Note: If you should find someone who occupies the center of the triangle, congratulations! You have found someone who is rarer than a Unicorn.

Now if I am to apply this particular diagram style to vaping , it supports my current fool-osophical line of thinking: That in pursuit of the perfect vape, one can typically only accomodate 2 of these reqiurements, as pursuit of those two appears (based on my experience and practical trials) to cancel out any chance of the physics involved allow one to succeed in achieving the third corner of the triangle.

Accordingly I propose the following diagram:




It is important to mention that the physics and chemistry involved in the science of vaping means that it is theoritically possible to achieve an all rounder, but my suspicion is that this all rounder will in fact consist of a well balanced vape experience, but that it will be compromised. Meaning that while you may find TH/Flavour/Clouds present in a given design, it will certainly not be the best of each of those three.

Again, I say that it must be possible to attain all three, but at this stage I have not found the solution.

In my experience what does come very close is non-other than the Reo

[/LOAD MODE +Fanboy]

In accordance with my limited, but promising experience with the Reo, I propose the following hypothesis:




It would appear to me that the zone of catness (i.e. the ultimate vape) is possible with the Reo, although this is not something I have perfected just yet, and I still suspect that the third corner of the triangle will have to be underrepresented or compromised.

[/LOAD MODE -Fanboy]

Having said all of that, I think a dripper style setup allows for the best chance of reaching the zone of catness. My experience with the KF style of RBA indicates to me that it is not possible to reach this zone, however it is possible to accommodate 2 of the corners of the triangle.

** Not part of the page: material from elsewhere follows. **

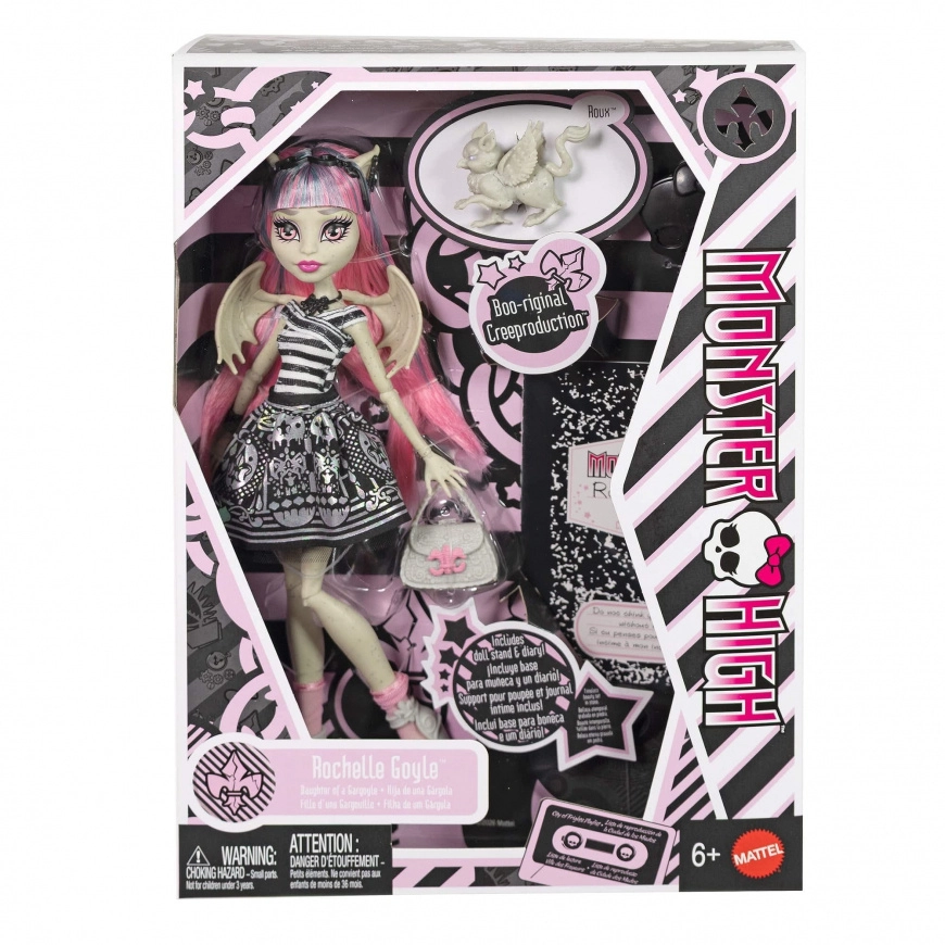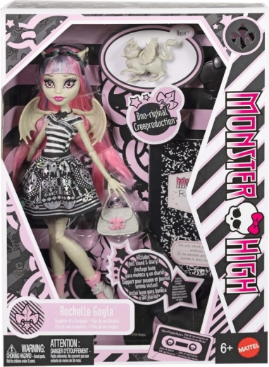 Vráťte sa do sveta Monster High s návratom kultovej postavy Rochelle Goyle. Bábika vyniká čiernobielym pruhovaným topom, metalickou minisukňou a ružovými akcentmi, ktoré ladia s jej dlhými ružovými vlasmi. Detailné líčenie, doplnky a ikonické krídla dotvárajú jedinečný „scarisovský“ štýl.

Reactions: Like 3 | Winner 6


----------



## Andre (11/4/14)

Rob Fisher said:


> I want the taste and flavour above all else but I need some good coulds to finish off the experience... I also feel the flavour and clouds seem to be mutually exclusive! TH not as important.
> 
> And thanks to Hi Ho the number one thing for me is the position of the coil directly next to the air hole!


Two ways to get more clouds. (1) Get juices with more VG. (2) Consider opening up that air hole just a tad. Easily done on the Reomizer with a drill bit by hand.

Reactions: Agree 1


----------



## Rob Fisher (11/4/14)

Matthee said:


> Two ways to get more clouds. (1) Get juices with more VG. (2) Consider opening up that air hole just a tad. Easily done on the Reomizer with a drill bit by hand.



Awesome! 

My 100% VG should have arrived today!  Note to @Oupa : The must never ever send with this courier again as long as we both shall live!


----------



## Tom (11/4/14)

me chasing both clouds and flavour. TH is not that important to me. I also got the feeling that the flavour is increased with density of the clouds. I.e. with the Origin I got for the first time really dense clouds, i can feel the density on the tongue whilst exhaling....and the flavour is better with that.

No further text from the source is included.